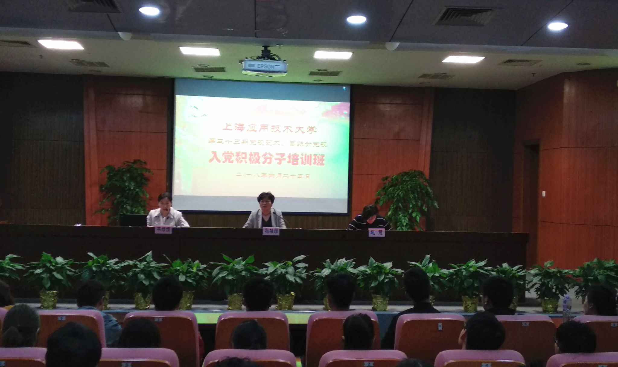 4月25日,上海应用技术大学第35期党校艺术高职分党校在徐汇校区图书馆116报告厅隆重举行入党积极分子培训班开班典礼。艺术学院党总支书记、艺术高职分党校校长孙桂娟,高职学院党总支副书记、艺术高职分党校副校长林娟娟,艺术学院党总支副书记、艺术高职分党校副校长赵慧出席开班仪式。
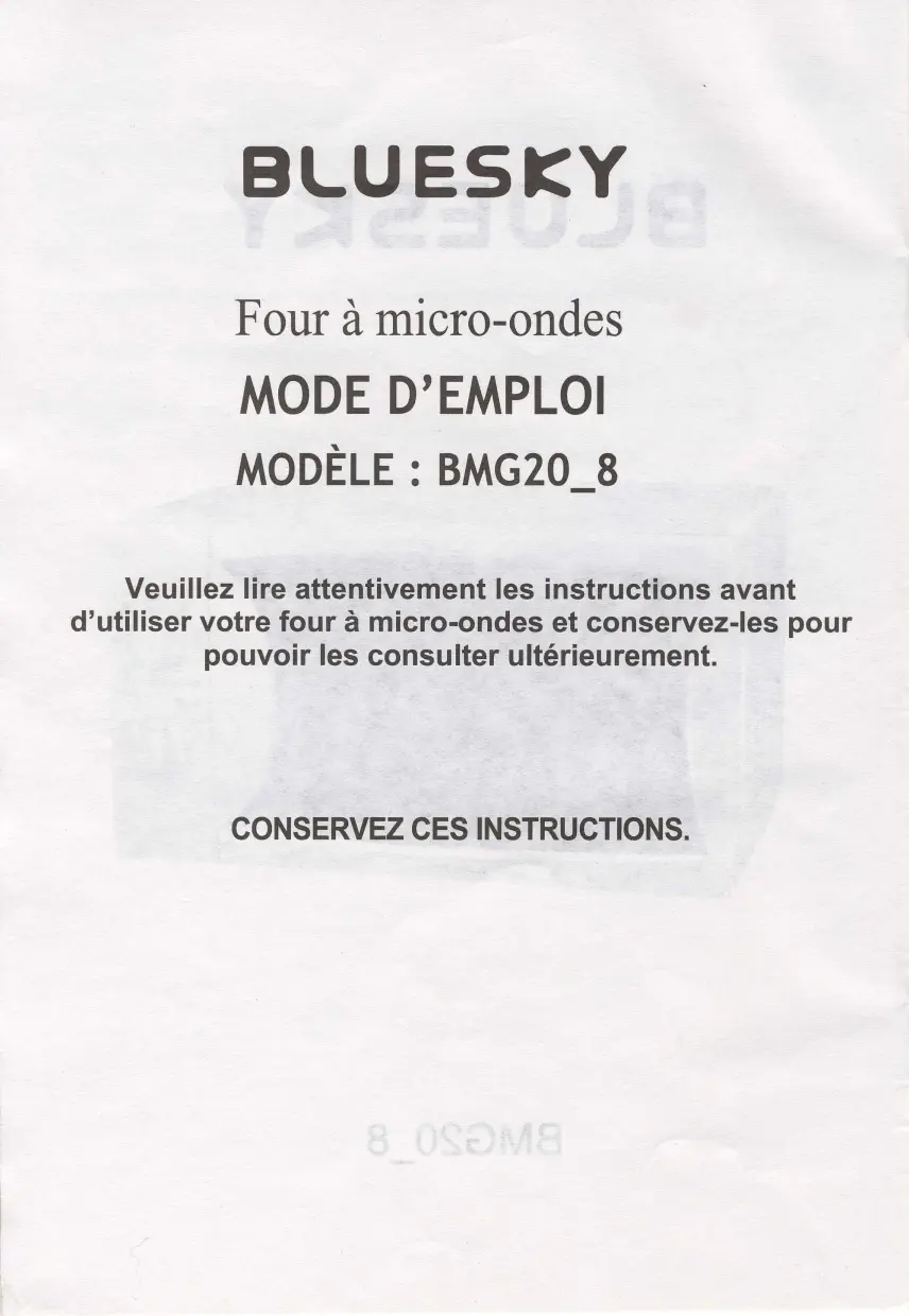 BLUESKY BMG2O-8 BLUESKY Fourà micro-ondes MODED'EMPLOI MODELE : BMG208 Veuillezlire attentivementles instructionsavant d'utiliser votre four à micro-ondeset conservez-lespour pouvoirles consulterultérieurement. CONSERVEZ CESINSTRUCTIONS.
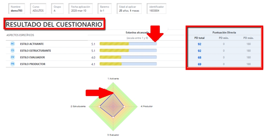 Informe dirigido especialmente al orientador/psicólogo del consultorio y que contiene información sobre los resultados del evaluado. Los resultados ayudarán al evaluado a tener mayor conciencia de los rasgos y tendencias intelectuales y emocionales utilizados cada vez que se busca la solución de un problema. En los resultados, los perfiles generales manifiestan la presencia de cada estilo, pues no son excluyentes entre sí, sino complementarios. El informe realiza un análisis en base a los resultados dando recomendaciones generales destacando las áreas de oportunidad de intervención.
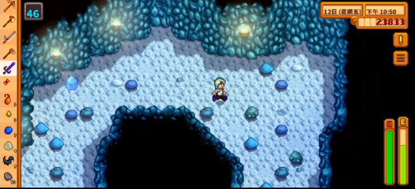 接下来就是下矿,建议玩家进入一层之后,直接用梯子,一直用梯子下层,差不多到八九十层之后,再进行炸弹来炸矿,有洞口就下,没有就用梯子,最好不要浪费时间打怪,直接炸弹炸矿,然后冲层。游戏中有时停的机制,玩家利用好这个机制一天炸一组铱矿是很容易的,不过操作难度有点大,建议玩家一定要多尝试!
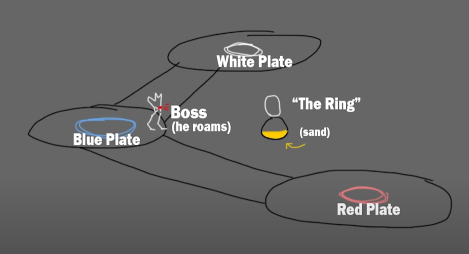 The boss will spawn at the colored plate matching the ring's color. If the players are far away, the boss will walk to a predetermined plate depending on which plate it started on. If the raid goes to the same plate as the boss, it'll basically stay there and shoot at the raid, allowing for hard-hitting close-ranged weapons to shine, such as Lord of Wolves and Legend of Acrius.
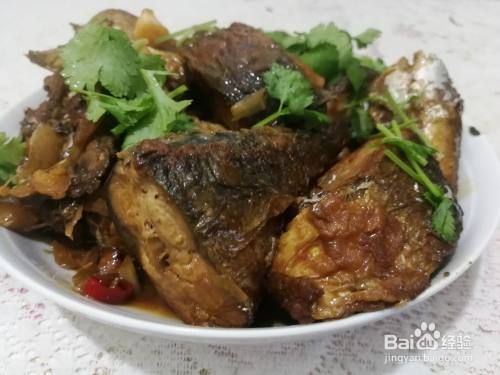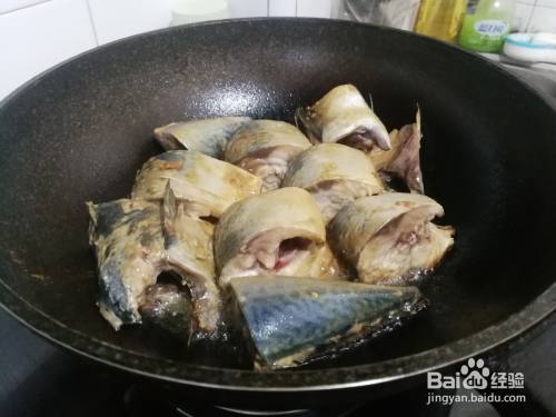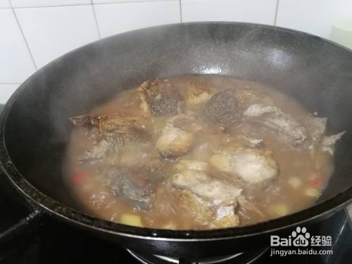 放入葱,姜,蒜,白糖,大料,鸡精,加水和鱼段齐平,大火烧开,中火炖。
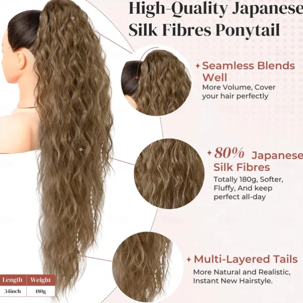 Ponytail Extension Long Wavy Drawstring Ponytail Extensions Softer Lighter Import Synthetic Clip in Hair Extensions Natural Looking Hairpiece for Women
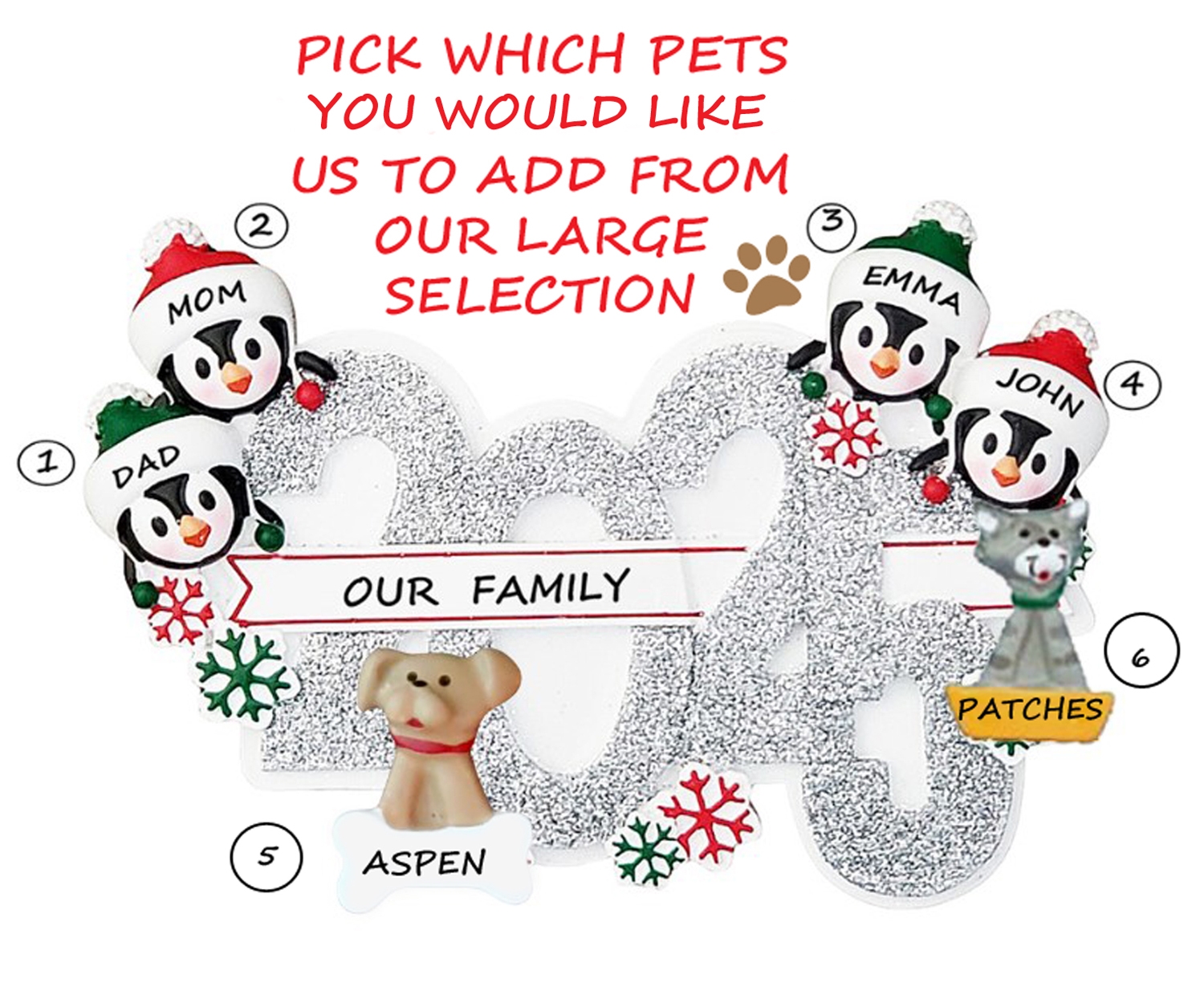 Dated 2025 Personalized Family of 4 Ornament With 2 Dogs, Cats or Bunnies Added
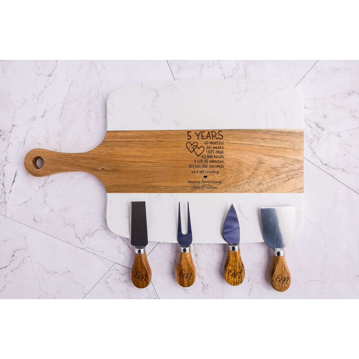 Personalized Marble & Acacia Charcuterie Board Set
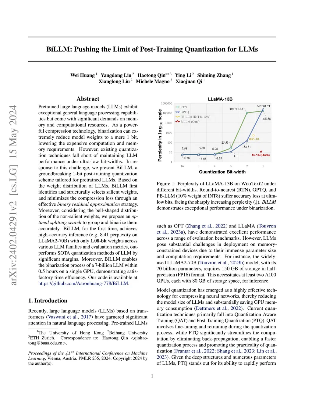 BiLLM: Pushing the Limit of Post-Training Quantization for LLMs
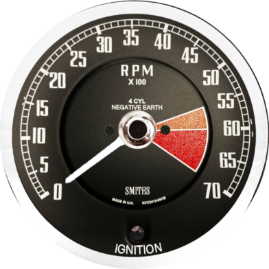 100mm MGB Digital Tachometer 0-7000RPM with black dial white print white pointer and chrome half ‘V’ bezel. Ignition Warning light and Orange / Red sectors to scale.12V negative earth. Red LED and and flying leads
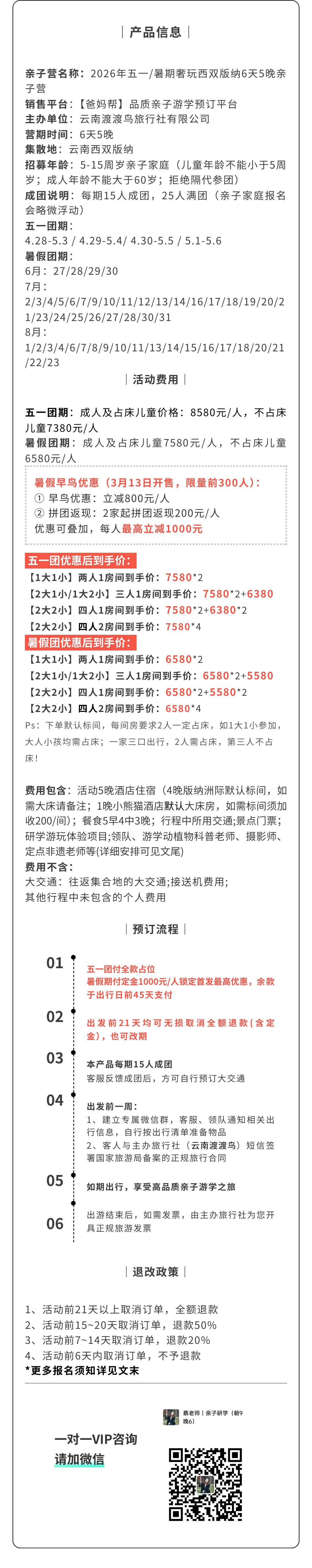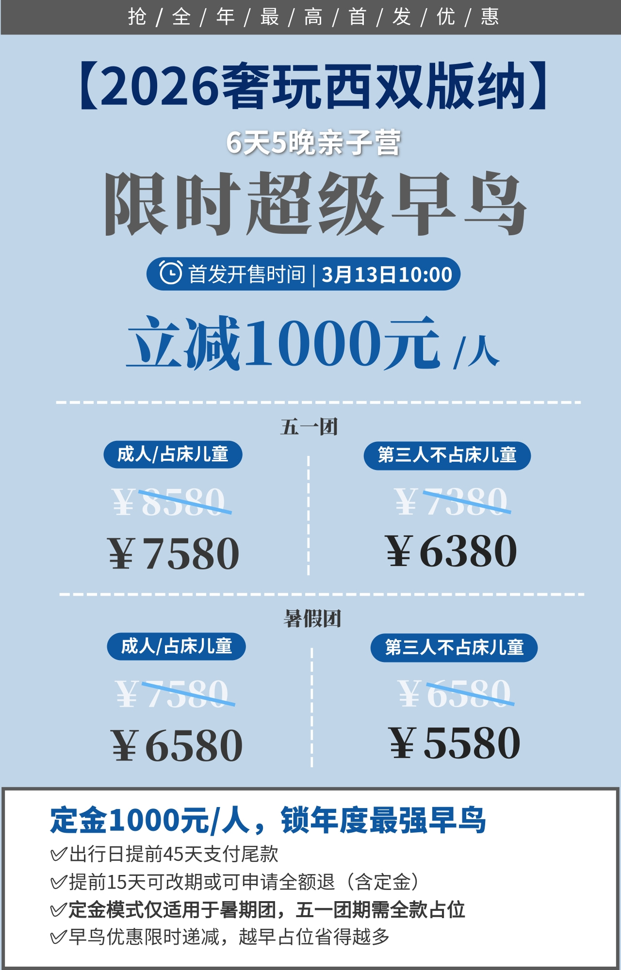 首发立减1000!限前300人!五一/暑假奢玩西双版纳6天5晚亲子营,4晚洲际+1晚小熊猫庄园,动植物导师+傣寨非遗传人+原住民向导+摄影师,执行好评率高达99%!过「高奢」版向往生活!
========================================================================
* [Problem] All the lines above should be reproduced exactly, and none of the pictures.

* [Output below]
 4月25日,上海应用技术大学第35期党校艺术高职分党校在徐汇校区图书馆116报告厅隆重举行入党积极分子培训班开班典礼。艺术学院党总支书记、艺术高职分党校校长孙桂娟,高职学院党总支副书记、艺术高职分党校副校长林娟娟,艺术学院党总支副书记、艺术高职分党校副校长赵慧出席开班仪式。
 BLUESKY BMG2O-8 BLUESKY Fourà micro-ondes MODED'EMPLOI MODELE : BMG208 Veuillezlire attentivementles instructionsavant d'utiliser votre four à micro-ondeset conservez-lespour pouvoirles consulterultérieurement. CONSERVEZ CESINSTRUCTIONS.
 Informe dirigido especialmente al orientador/psicólogo del consultorio y que contiene información sobre los resultados del evaluado. Los resultados ayudarán al evaluado a tener mayor conciencia de los rasgos y tendencias intelectuales y emocionales utilizados cada vez que se busca la solución de un problema. En los resultados, los perfiles generales manifiestan la presencia de cada estilo, pues no son excluyentes entre sí, sino complementarios. El informe realiza un análisis en base a los resultados dando recomendaciones generales destacando las áreas de oportunidad de intervención.
 接下来就是下矿,建议玩家进入一层之后,直接用梯子,一直用梯子下层,差不多到八九十层之后,再进行炸弹来炸矿,有洞口就下,没有就用梯子,最好不要浪费时间打怪,直接炸弹炸矿,然后冲层。游戏中有时停的机制,玩家利用好这个机制一天炸一组铱矿是很容易的,不过操作难度有点大,建议玩家一定要多尝试!
 The boss will spawn at the colored plate matching the ring's color. If the players are far away, the boss will walk to a predetermined plate depending on which plate it started on. If the raid goes to the same plate as the boss, it'll basically stay there and shoot at the raid, allowing for hard-hitting close-ranged weapons to shine, such as Lord of Wolves and Legend of Acrius.
 放入葱,姜,蒜,白糖,大料,鸡精,加水和鱼段齐平,大火烧开,中火炖。
 Ponytail Extension Long Wavy Drawstring Ponytail Extensions Softer Lighter Import Synthetic Clip in Hair Extensions Natural Looking Hairpiece for Women
 Dated 2025 Personalized Family of 4 Ornament With 2 Dogs, Cats or Bunnies Added
 Personalized Marble & Acacia Charcuterie Board Set
 BiLLM: Pushing the Limit of Post-Training Quantization for LLMs
 100mm MGB Digital Tachometer 0-7000RPM with black dial white print white pointer and chrome half ‘V’ bezel. Ignition Warning light and Orange / Red sectors to scale.12V negative earth. Red LED and and flying leads
 首发立减1000!限前300人!五一/暑假奢玩西双版纳6天5晚亲子营,4晚洲际+1晚小熊猫庄园,动植物导师+傣寨非遗传人+原住民向导+摄影师,执行好评率高达99%!过「高奢」版向往生活!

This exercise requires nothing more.